▸ **What you should do**
Pictures do not belong in your copy. Repeat all the other data exactly.

▸ **Data shown**
════
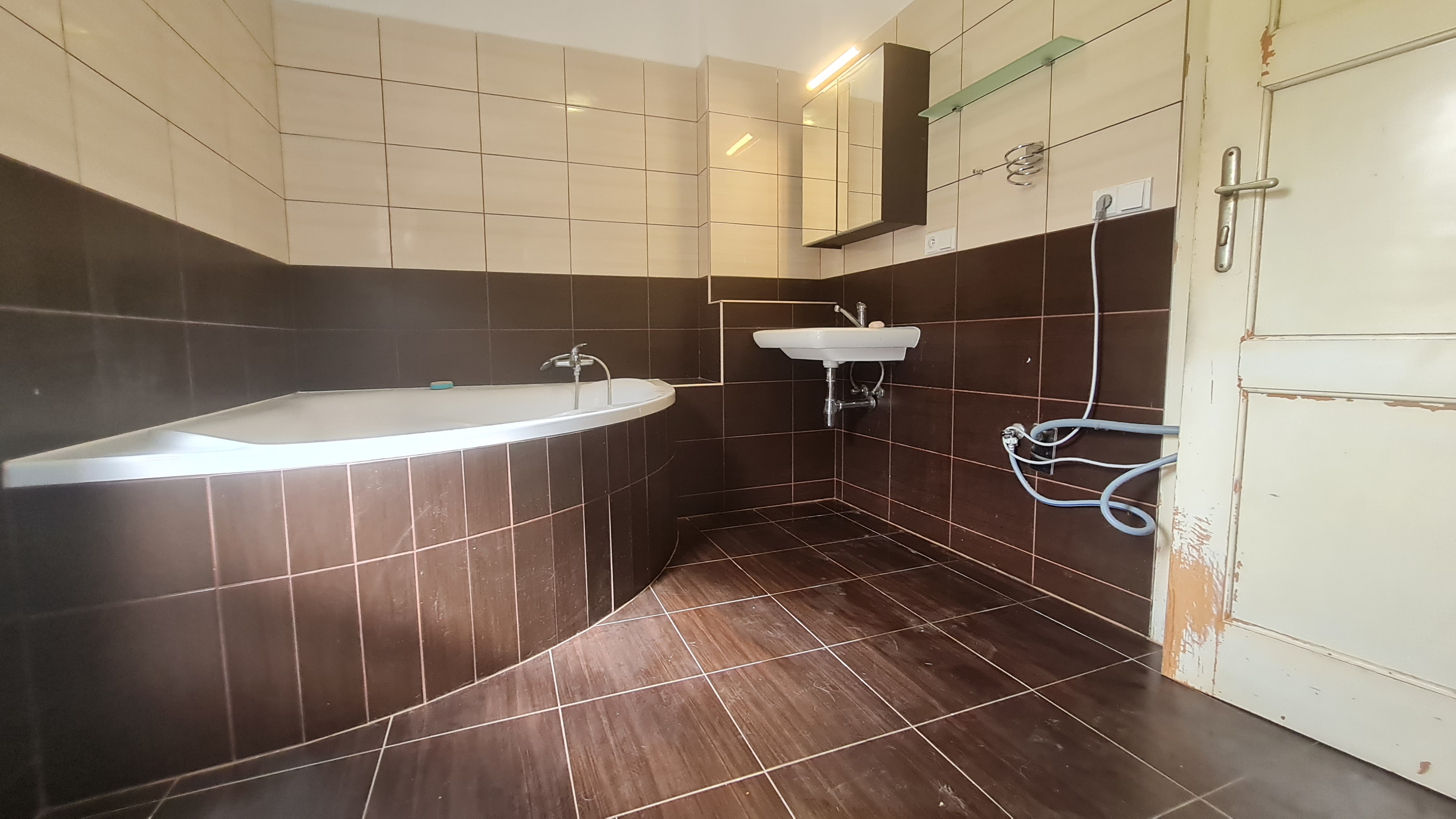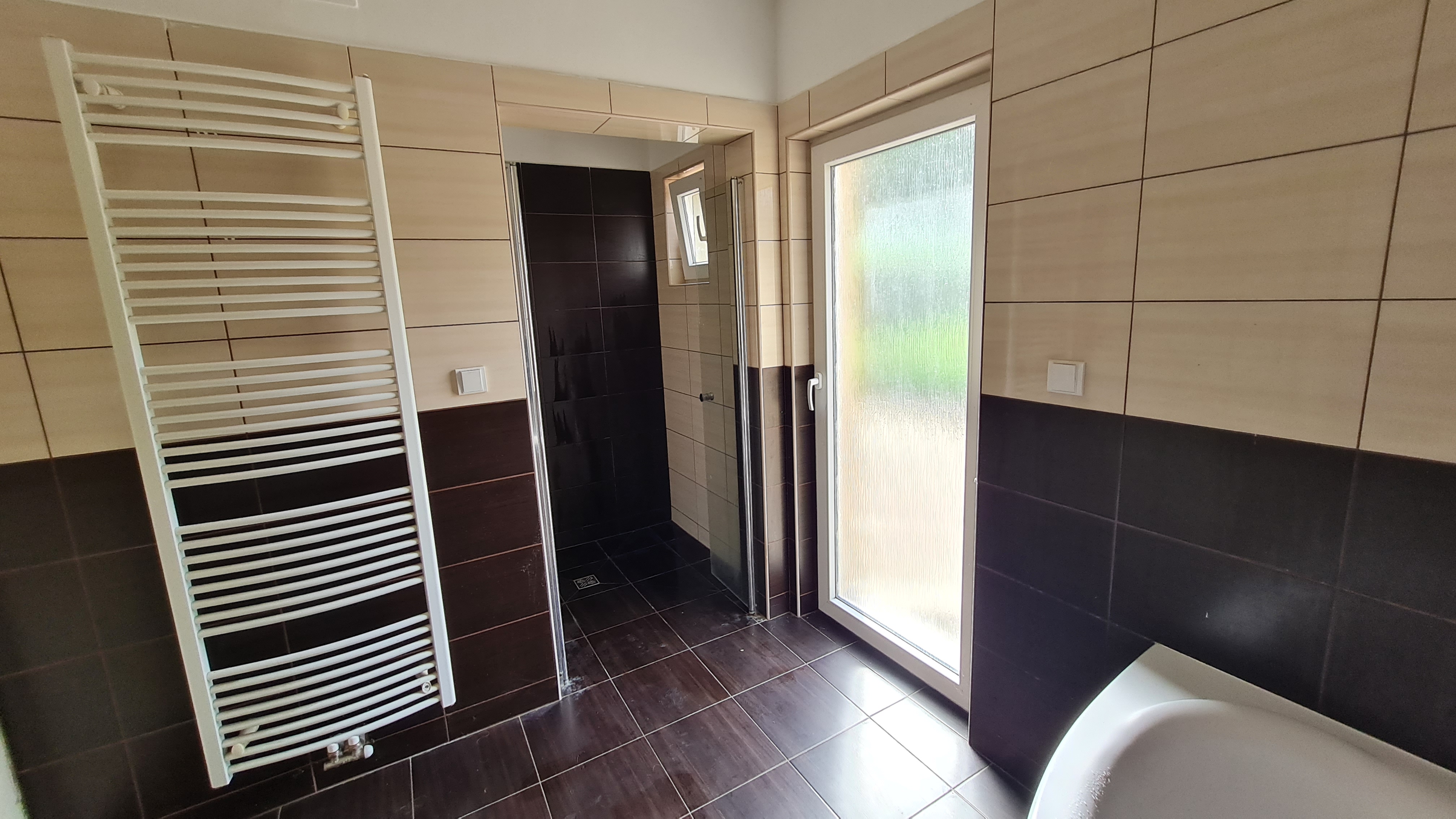 domu koupelna s rohovou vanou a sprchovým koutem (z koupelny je vstup na
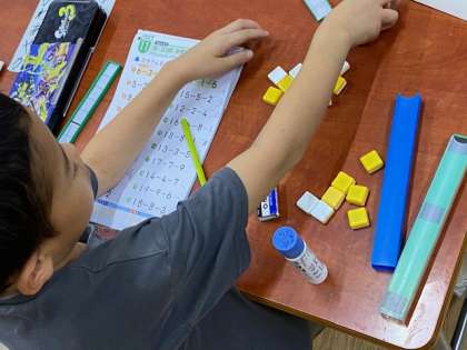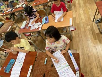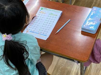 1年生の教室をのぞくと、計算ドリルに取り組んでいるところでした。
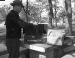 Frank Tisdale, Austin, Texas, tries out an outside, portable stove at Camp Wolters, Mineral Wells, Texas. He is wearing a hat, coat and trousers and holding a kettle over the stove. Beside the stove, on a table, is a box of cane syrup.
════
▸ **Result of the task**
 domu koupelna s rohovou vanou a sprchovým koutem (z koupelny je vstup na
 1年生の教室をのぞくと、計算ドリルに取り組んでいるところでした。
 Frank Tisdale, Austin, Texas, tries out an outside, portable stove at Camp Wolters, Mineral Wells, Texas. He is wearing a hat, coat and trousers and holding a kettle over the stove. Beside the stove, on a table, is a box of cane syrup.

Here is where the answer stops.